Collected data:
-*-*-
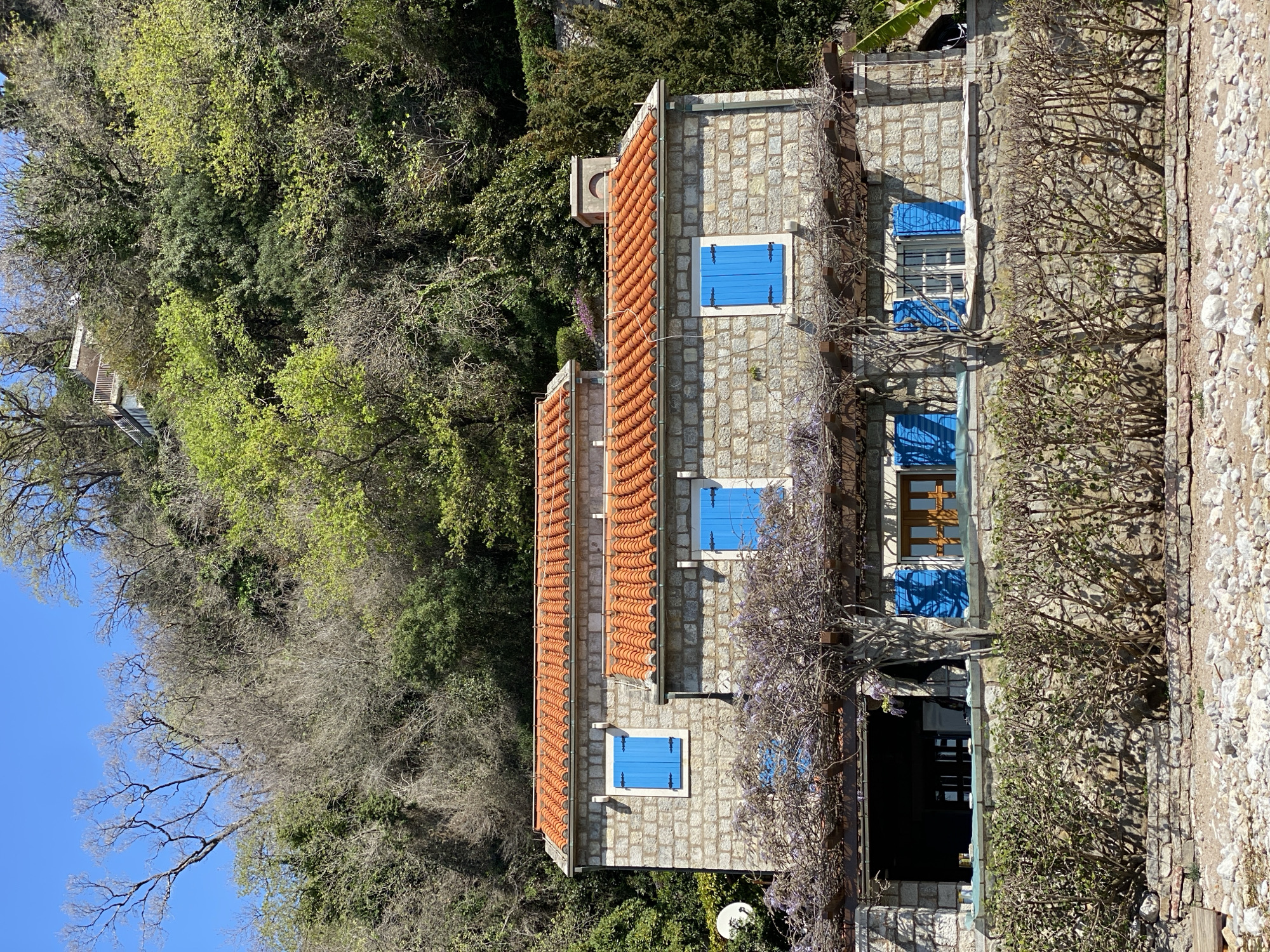 The image depicts a stone building with an orange tile roof, located in Mirište, Montenegro. The building has blue shutters on its windows. Wisteria vines are growing on the exterior of the building. Adjacent to the building is a trimmed hedge along a stone walkway or path. The surrounding environment includes trees with green foliage and others with bare branches against a clear blue sky.
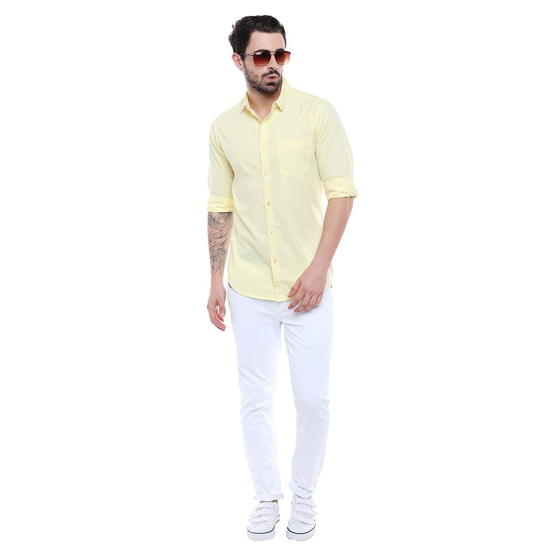 This Casual Solid shirt has a Slim fit, Spread collar, full button Placket, Full Sleeves, and a curved hemline Size and Fit Slim Fit The Model (height 6 foot and shoulders 18 inches is wearing size 40/M Please check the size chart for more details before ordering Material & Care 100% Premium Cotton (Machine Wash Regular) Style Tip Enhance your look by wearing this Casual Stylish Men’s shirt, Team it with a pair of Chinos or Tapered Denim and Sneakers for a fun Smart Casual look About the Brand DENNIS LINGO Finding Basic Menswear for daily use can be hard among todays Fast fashion world, where trends change daily. That’s why we started Dennis Lingo, to create a one stop shop for premium essential clothing for everyday use at lowest prices.
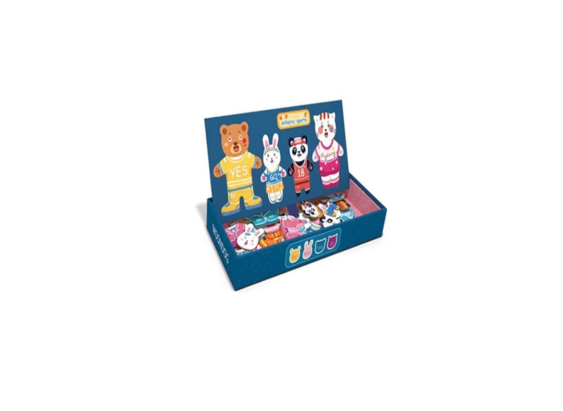 Setul este format din 65 de piese magnetice pentru haine . Datorita acestui lucru, copilul mic poate schimba liber si potriveste elementele prin schimbarea aranjamentului hainelor ursuletilor de plus. Aceasta ofera un numar infinit de combinatii. Setul include 5 costume tematice gata facute pentru toti ursuletii:
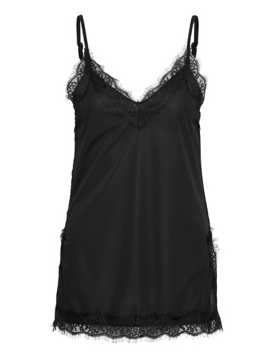 Subtilūs nėrinių apvadai išryškina šį viršų. Lengvas audinys ir reguliuojamos petnešėlės užtikrina patogų prigludimą, todėl jis idealiai tinka dėvėti kaip apatinį sluoksnį arba atskirai.
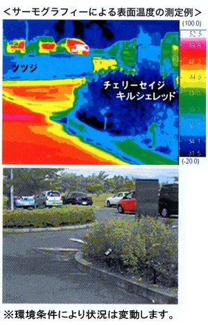 - キルシェレッドは従来のチェリーセージに比べて蒸散量が多いため、蒸散の際に気化熱を奪って温度を下げる効果が高い品種です。また、一酸化窒素や二酸化硫黄など大気汚染物質の吸収能力も優れた品種です。花は大きく、生育中は常に花芽を生じるため、長期間にわたって咲き続けます。
-*-*-
About this task → Here the job is to repeat the entries verbatim while leaving all pictures out.

Exercise output →
 The image depicts a stone building with an orange tile roof, located in Mirište, Montenegro. The building has blue shutters on its windows. Wisteria vines are growing on the exterior of the building. Adjacent to the building is a trimmed hedge along a stone walkway or path. The surrounding environment includes trees with green foliage and others with bare branches against a clear blue sky.
 This Casual Solid shirt has a Slim fit, Spread collar, full button Placket, Full Sleeves, and a curved hemline Size and Fit Slim Fit The Model (height 6 foot and shoulders 18 inches is wearing size 40/M Please check the size chart for more details before ordering Material & Care 100% Premium Cotton (Machine Wash Regular) Style Tip Enhance your look by wearing this Casual Stylish Men’s shirt, Team it with a pair of Chinos or Tapered Denim and Sneakers for a fun Smart Casual look About the Brand DENNIS LINGO Finding Basic Menswear for daily use can be hard among todays Fast fashion world, where trends change daily. That’s why we started Dennis Lingo, to create a one stop shop for premium essential clothing for everyday use at lowest prices.
 Setul este format din 65 de piese magnetice pentru haine . Datorita acestui lucru, copilul mic poate schimba liber si potriveste elementele prin schimbarea aranjamentului hainelor ursuletilor de plus. Aceasta ofera un numar infinit de combinatii. Setul include 5 costume tematice gata facute pentru toti ursuletii:
 Subtilūs nėrinių apvadai išryškina šį viršų. Lengvas audinys ir reguliuojamos petnešėlės užtikrina patogų prigludimą, todėl jis idealiai tinka dėvėti kaip apatinį sluoksnį arba atskirai.
 - キルシェレッドは従来のチェリーセージに比べて蒸散量が多いため、蒸散の際に気化熱を奪って温度を下げる効果が高い品種です。また、一酸化窒素や二酸化硫黄など大気汚染物質の吸収能力も優れた品種です。花は大きく、生育中は常に花芽を生じるため、長期間にわたって咲き続けます。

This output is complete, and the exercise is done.